И Люба поняла, что уже утро: сквозь закрытые веки ее слепило солнце, горячее и огромное, солнце-колесо, и вдруг оно стало таким горячим, что вспыхнули Любины волосы, только что начавшие отрастать.
Она забила руками по искрам, тлевшим в одеяле, кинулась в сторону, спасать попугая и свинок, но в кухне огонь уже стоял стеной, и пришлось спасаться самой. Любава бросилась всем телом на старое окошко с кружевными шторками, раз бросилась, два… Оно захрустело, осыпалась старая краска, но не поддалось.
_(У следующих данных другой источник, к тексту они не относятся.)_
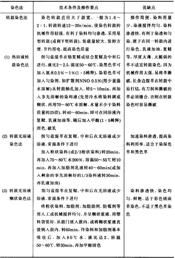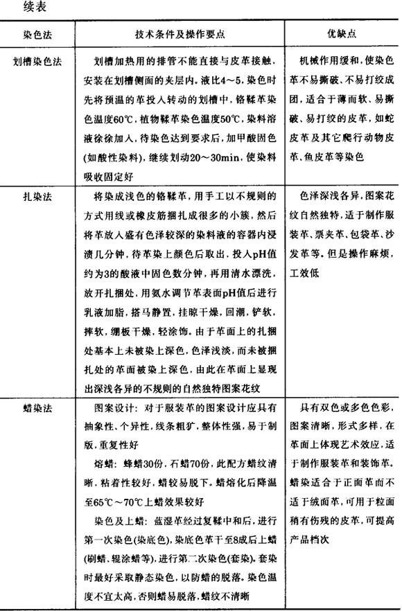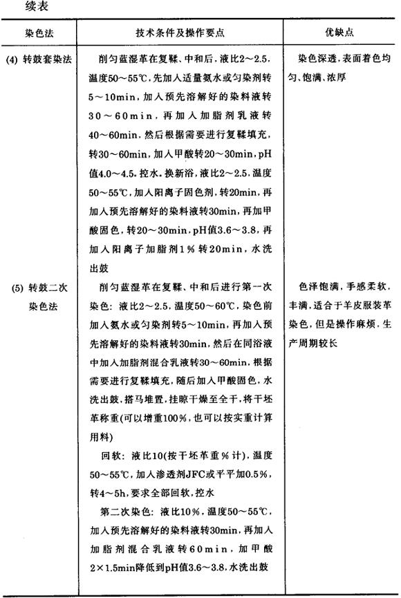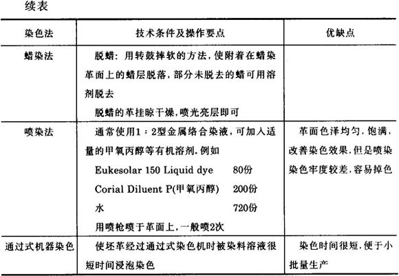 释义 | 蓝湿革的鞣后湿处理 (一)蓝湿革的分类及分级 1.黄牛蓝湿革分类检验标准 (1)分类标准 A类蓝湿革:用于生产软鞋面革、正鞋面革、正面家具革等所需的蓝湿革。 ❶ 外观指标:革身丰满,具有弹性,厚薄较均匀,颜色一致,呈湖蓝色,革面清洁,无油腻感,革里无残肉,不得带毛及发霉,臀部切口基本一致,不得有生心。 ❷ 化学指标: 水分为0%时Cr2O3≥3.5% pH值 3.5~4.0 Ts≥ 95℃ ❸ 等级指标: 一级:皮形完整,无缺陷或有下列缺陷之一者: 1)伤残总面积不超过全革面积的5%,主要部位不超过全革面积的3%。 2)全革可带破洞两处,其总面积不超过全革面积的5%,但主要部位不得超过一处。 二级:皮形完整或基本完整,有下列缺陷之一者: 1)伤残总面积不超过全革面积的10%,主要部位不超过全革面积的7%。 2)全革可带破洞三处,其总面积不超过全革面积的10%,但主要部位不得超过两处。 B类蓝湿革:即用于生产修饰鞋面革的、成革等级达到3级以上(包括3级)所需的蓝湿革。在B类蓝湿革中虱疔、虻眼、癣癞、颈脖纹、肥纹等面积不得过大,不得有粗面现象发生。 ❶ 外观指标同A类 ❷ 化学指标同A类 ❸ 等级指标: 1)革形不作严格要求,但伤残缺陷面积不得超过全张革总面积的30%,(主要部位不得超过20%)。 2)全革可带破洞四处(主要部位不得超过三处),总面积不得超过全张革面积的20%。 C类蓝湿革:革面伤残缺陷面积达30%~45%,不能按正常工艺生产三级以上修饰鞋面革,须经精细加工,增加工序,加强磨革等工艺措施生产修饰鞋面革,成革利用率达65%以上的蓝湿革。 D类蓝湿带:凡不合乎A、B、C三类的蓝湿革,原则上为反绒革,但肉面描刀多而深,或虻底、虻眼分布广,或利用价值达不到40%者,应单独堆放,另行处理。 (2)关于伤残缺陷 蓝湿革的缺陷包括:原料皮的伤残、屠宰和防腐保管中的伤残,制革生产加工中产生的伤残。 (3)缺陷的计算方法 ❶ 线型缺陷:如划伤、描刀伤等,按其长度乘2cm计算,如遇线型曲折不便按此计算时,则按包括此线型之内最小矩形面积计算。 ❷ 面型缺陷:如伤痕、孔洞和聚集的虻眼、痘疤、癣癞等按其面积大小来计算,但如有两个或两个以上的缺陷相距不超过5cm,应划为一项面积型缺陷来计算。 ❸ 聚集型缺陷:如分散的虻眼、虻底、虱疔和两个以上的缺陷聚在一起相距不超过7cm所形成的较大面积的缺陷,按其最小矩形面积的1/2来计算。 (4)几点说明 ❶ 革身丰满的条件下,有不易看出的小伤残不按缺陷论,但小伤残分布全张革,影响外观和使用者,则按缺陷论。 ❷ 距腹边18cm处部位的伤残不按缺陷计算。 ❸ 描刀深度达革厚的1/2以上,但不超过2/3时,为严重描刀伤,超过2/3为刀洞。 2.猪蓝湿革分级标准 (1)品质标准 ❶ 铬鞣好的蓝湿革呈浅蓝色,革面颜色一致,无铬斑、表面过鞣和油腻等缺陷。 ❷ 收缩温度≥95℃,或耐沸水。 ❸ 三氧化二铬含量(以0%水分计算):≥4.0 ❹ 水分含量 ≤55% ❺ 厚度:臀部不低于2.5mm ❻ 防霉要求:存放三个月不发霉。 (2)分级标准 甲级: ❶ 革身完整,粒面细致,面积1.1m2以上。 ❷ 主要部位无孔洞、无刀伤、无腐烂、无粗皱、无肥纹。 ❸ 总缺陷面积不能>10%。 乙级: ❶ 革身完整,粒面细致,面积≥0.9m2。 ❷ 主要部位允许一处2cm2以下的孔洞,和长度为3cm以内,深度不超过皮厚1/3的描刀伤一处,无腐烂、无明显粗皱,无肥纹。 ❸ 总缺陷面积不能超过20%。 丙级: ❶ 革身完整,粒面细致,面积≥0.8m2。 ❷ 主要部位孔洞不超过2个,面积3cm2,长度5cm,深度不超过皮厚1/3的描刀伤2处,无腐烂、无明显粗皱、无明显肥纹。 ❸ 总缺陷面积不超过30%。 3.山羊蓝湿革的分类 按照山羊蓝湿革粒面伤残情况及品质状况挑选: (1)山羊苯胺鞋面革:粒面要求三级品以上,四级品不超过10%,面积在0.28~0.39m2之间,厚度0.8~1.0mm(小革0.7mm)。 (2)山羊正鞋面革:粒面要求四级品以上,级外品不得超过总数的5%。 (3)山羊鞋里革:粒面要求在三级品以上,但不应有三级正鞋面革混入,最大误差不得超过3%。厚度0.6~1.2mm。 (4)本色鞋里革:粒面较差,低于三级品鞋里革的做本色鞋里革。 (5)打光苯胺鞋面革:粒面要求达到三级以上,四级品不超过10%,面积0.31~0.44m2,厚度0.8~1.2mm之间。 (6)乐器革:粒面较好,厚度在0.55~1.2mm之间。 (7)煤气表革:革身无僵硬,主要部位无孔洞,厚度为0.5~0.7mm之间。 (8)山羊绒面革:粒面污染、色花,毛孔粗大,伤残较多,厚度在0.7mm以上,革里无痘疤及疤伤和严重的血筋印痕。 (9)次蓝湿革做包跟革。 (二)挑选组批 根据粒面粗细和粒面伤残程度及成革质量要求进行挑选组批。粒面细致、颜色浅淡、均匀一致、无伤残或少伤残的蓝湿革,用于加工全粒面革。粒面细致,颜色浅淡、均匀一致、伤残较少而浅的蓝湿革,用于加工半粒面革或压花革、摔纹革。粒面粗、伤残较重的蓝湿革,用于加工修饰鞋面革或反绒面革等。 (三)鞣后湿处理前的机械加工 1.挤水 用辊式挤水机或压榨式挤水机挤水,将蓝湿革水分含量降低到约50%。由于用压榨式挤水机挤水时容易产生折印,通常还需转鼓摔软,将折印摔开,要求粒面平整无折印。用辊式挤水机挤水时,应当根据蓝湿革厚薄和水分含量多少,灵活掌握挤水压力,注意不得挤出死折,挤破粒面,也不应弄脏粒面。 2.补肉面刀伤 对于猪蓝湿革,通常用面粉和立德粉或铬革屑与胶水及水配成补肉面刀伤膏,将它填补在刀伤凹处,并用刮刀抹平,撒上滑石粉或贴上报纸条,再一张一张地堆置

Тогда Любава схватила стул и им выбила старую раму, холодный воздух обнял ее, голые ноги погрузились в снег по колено. Искры и дым летели следом.
Не чуя ни жара, ни холода, Любава понеслась во двор. Горел дом с крыльца – входа в него больше не было никому, горел страшно, ало-черно. Волны пробегали по крыше: вот-вот и обрушится…
Любава схватила с лавки забытый бушлат, сунула руки в рукава и метнулась к сарайчику.
Она хватала упирающихся кроликов под животы, а кролики бились и раздирали ей руки в кровь когтями на сильных задних лапах. Кое-как выудив их всех и распихав под бушлат, Любава побежала на улицу, с трудом миновав горящее крыльцо.
На улице уже раздавалась пожарная сирена. Под Любавину калитку прикатила красная машина, синие огни катались по замусоренному конфетти снегу.
Страшный треск, запах гари и жар словно заполнили весь мир.
– Жива? – заорал ей кто-то в ухо.
Любава обернулась и увидела того самого мужика, который ругался с ней за споры с застройщиком.
– Вот тебя и сожгли, – сказал мужик, не дождавшись ответа.
– Кто? Кто это сделал? – завопила Любава, обретая голос.
Мужик пожал плечами.
– Не надо стоять на пути, – сказал он и поднял вверх палец, – сама знаешь у кого.